Introduction
In the competitive landscape of AI accelerators, Google has launched a silent yet powerful challenge to Nvidia's established dominance. The TPU v7 Ironwood chips, set to debut in the coming weeks, represent a qualitative leap that combines high-level performance with unprecedented scalability. While Nvidia CEO Jensen Huang tends to downplay the threat of specialized AI ASICs, the numbers tell a different story: Google is no longer competing solely on quantity, but also on performance quality.
Ironwood TPU v7 Accelerator Performance
The TPU v7 Ironwood marks a turning point in Google's hardware strategy. For the first time, the Mountain View giant's accelerators achieve performance comparable to Nvidia's latest generation GPUs when normalizing metrics to the same computational precision.

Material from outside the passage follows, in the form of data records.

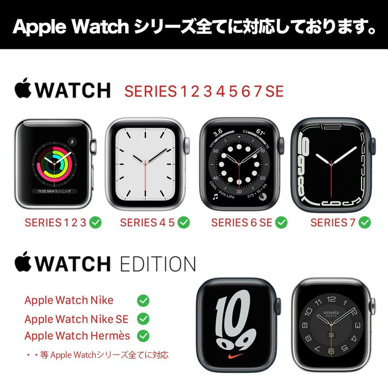 ・使いやすさと見た目を追求した幅広いシーンで活躍ができるアップルウォッチ全シリーズに対応。
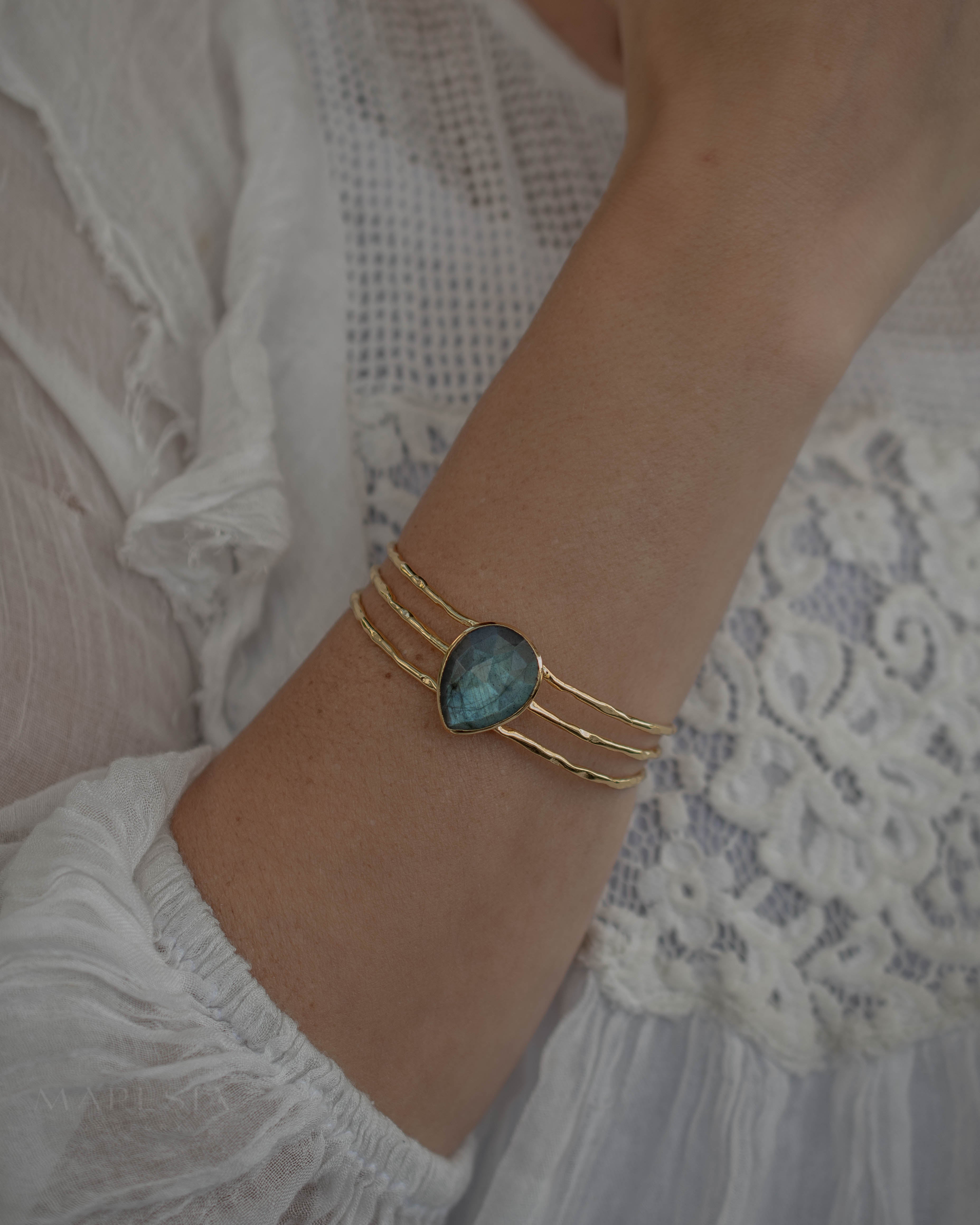 Labradorite Adjustable Bracelet ~ Gold Plated 18k ~ Handmade ~Statement  Hippie ~Bohemian ~Jewelry ~Gift For Her ~Gemstone ~Body MB046
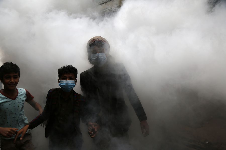 People walk through fumigation on a street in Sanaa, Yemen, April 30, 2020. (Photo by Mohammed Mohammed/Xinhua)
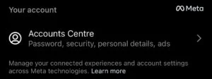 Tap “Accounts centre”.
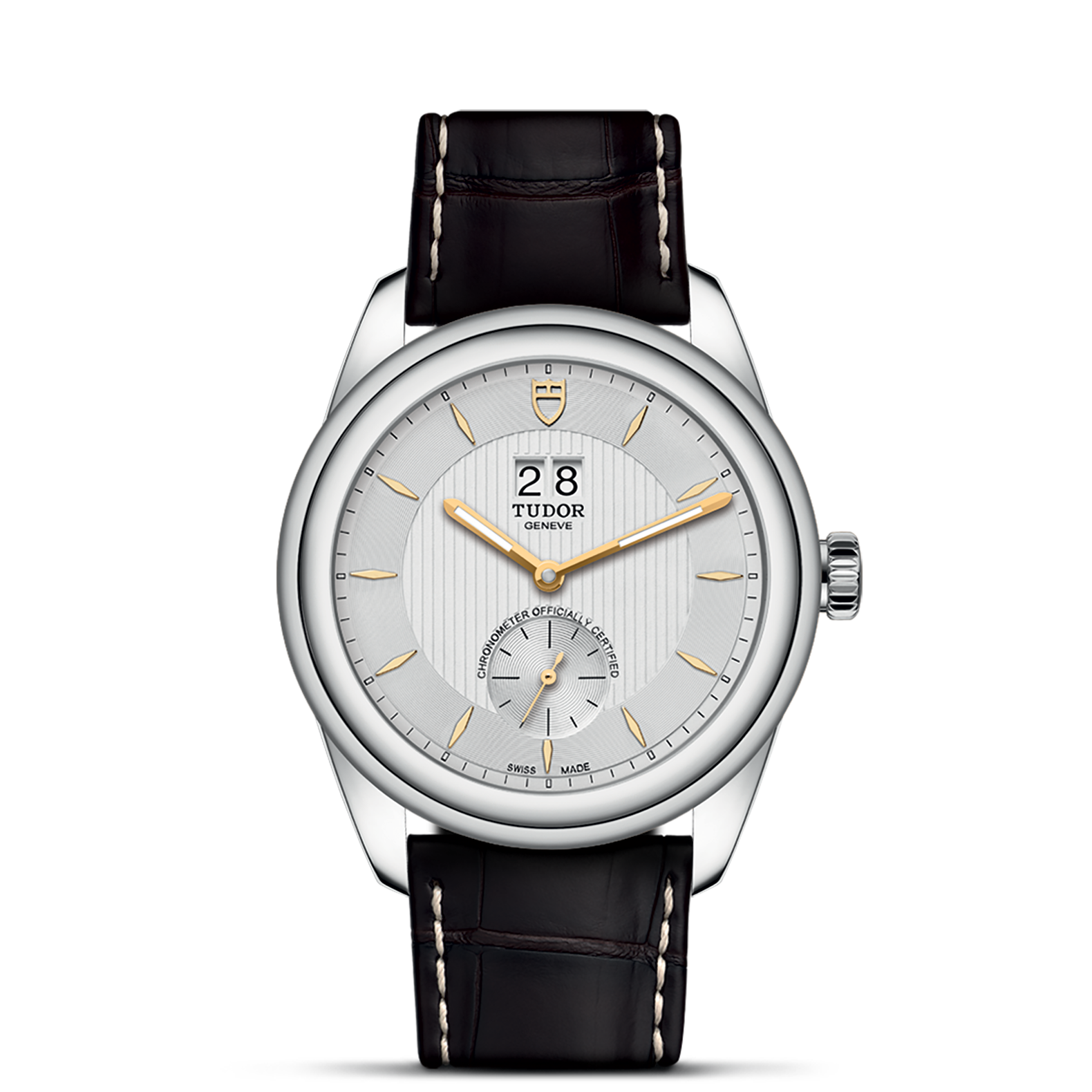 哑光棕色鳄鱼皮表带,配摺扣及精钢保险扣
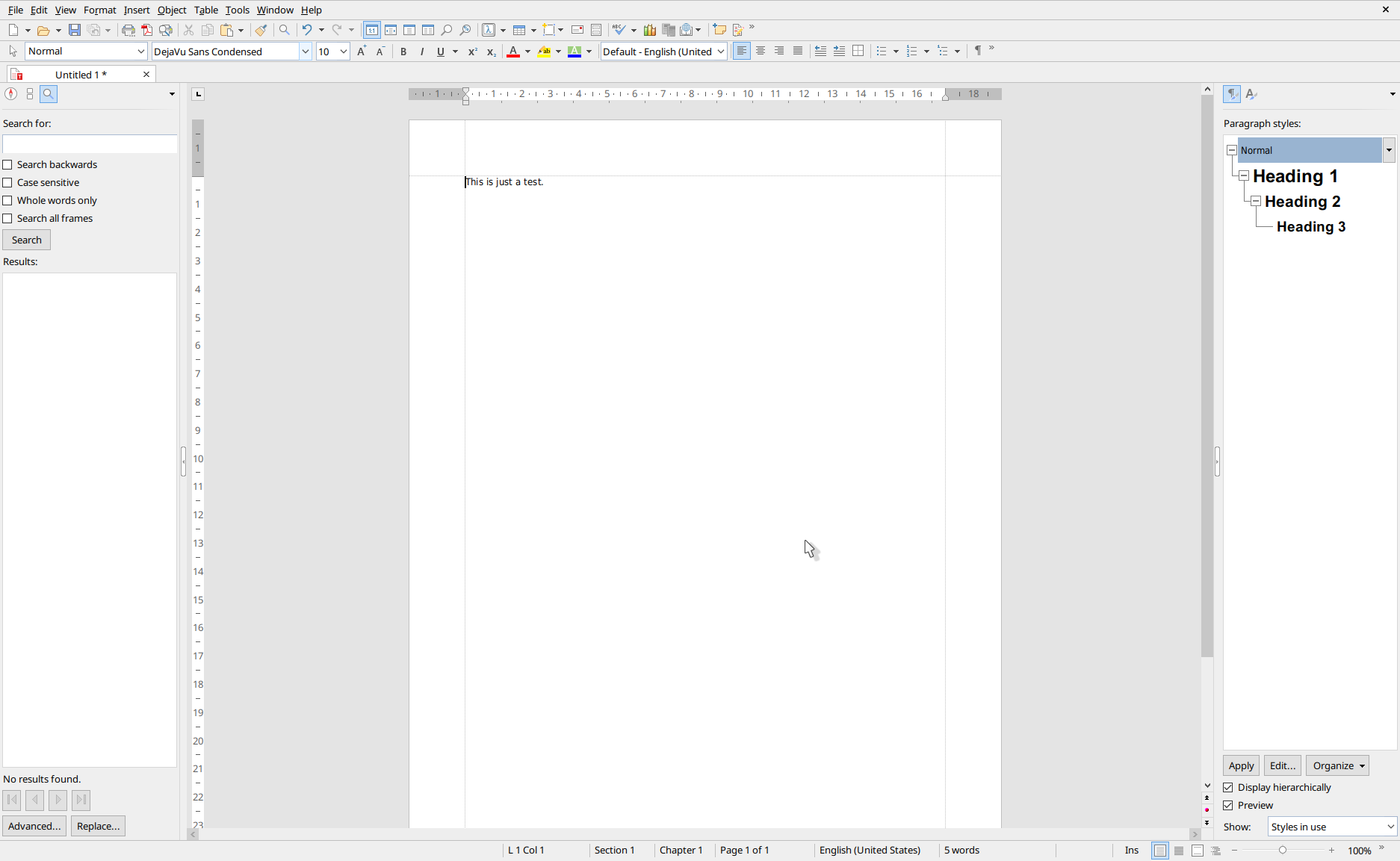 3. Press Ctrl+F once - The contents in the left side panel switches to the "Search ..." form, but the text cursor is still active at the beginning of the test sentence (see screenshot 2)
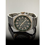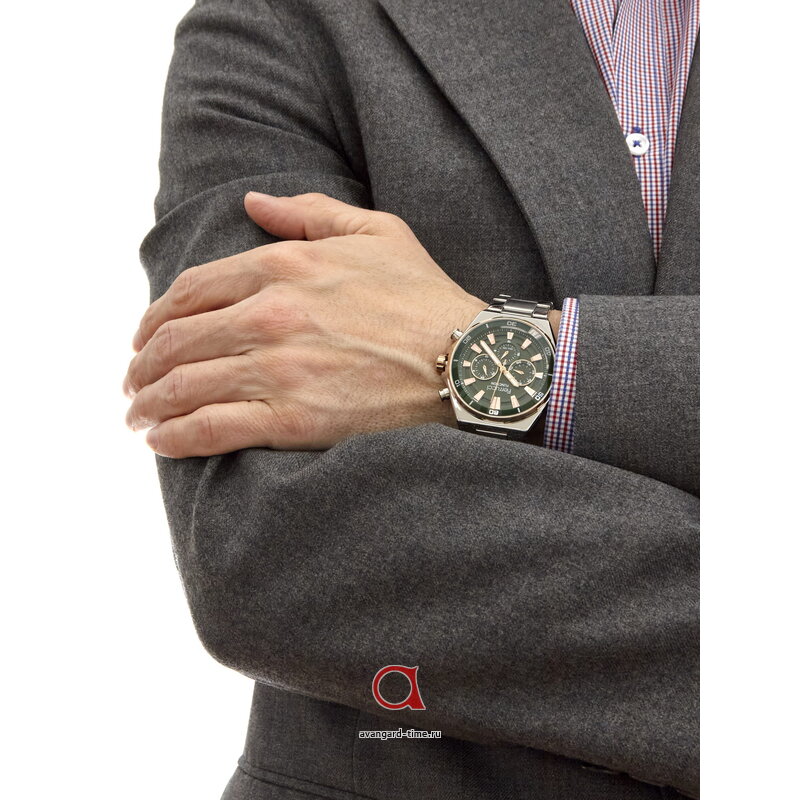 Корпус часов выполнен из прочного хромированного сплава, а браслет из нержавеющей стали с серебристым оттенком. Цвет циферблата – зеленый, что придает им особенный шарм и элегантность. Встроенные календарь и второй часовой пояс делают их еще более функциональными и удобными в повседневном использовании.
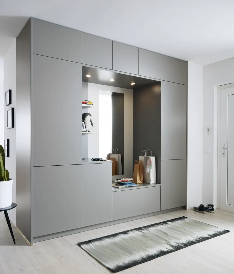 Unser Auftrag bestand darin, für den Kunden ein ganzheitliches Wohnkonzept für Küche, Hauswirtschaftsraum, Garderobe und Ankleidezimmer zu entwerfen. Im Kontrast zur Küche wünschten sie sich ein helles und modernes Design der Wohnmöbel, dass sich in allen Räumen wiederfinden sollte. Im Hauswirtschaftsraum sollten außerdem Waschmaschine und Trockner in die Schränke integriert werden, um eine ergonomische Bedienung zu ermöglichen. Im Ankleidezimmer war es wichtig, möglichst viel Platz für hängende Sachen an Kleiderbügeln bereit zu stellen.

Each Ironwood chip delivers 4.6 petaFLOPS of dense FP8 compute power, slightly exceeding Nvidia's B200 GPU at 4.5 petaFLOPS and approaching the 5 petaFLOPS of the more powerful GB200 and GB300. This compute power is supported by 192 GB of HBM3e memory with 7.4 TB/s bandwidth, values that fall within the same range as Nvidia's B200 (192 GB HBM with 8 TB/s memory bandwidth).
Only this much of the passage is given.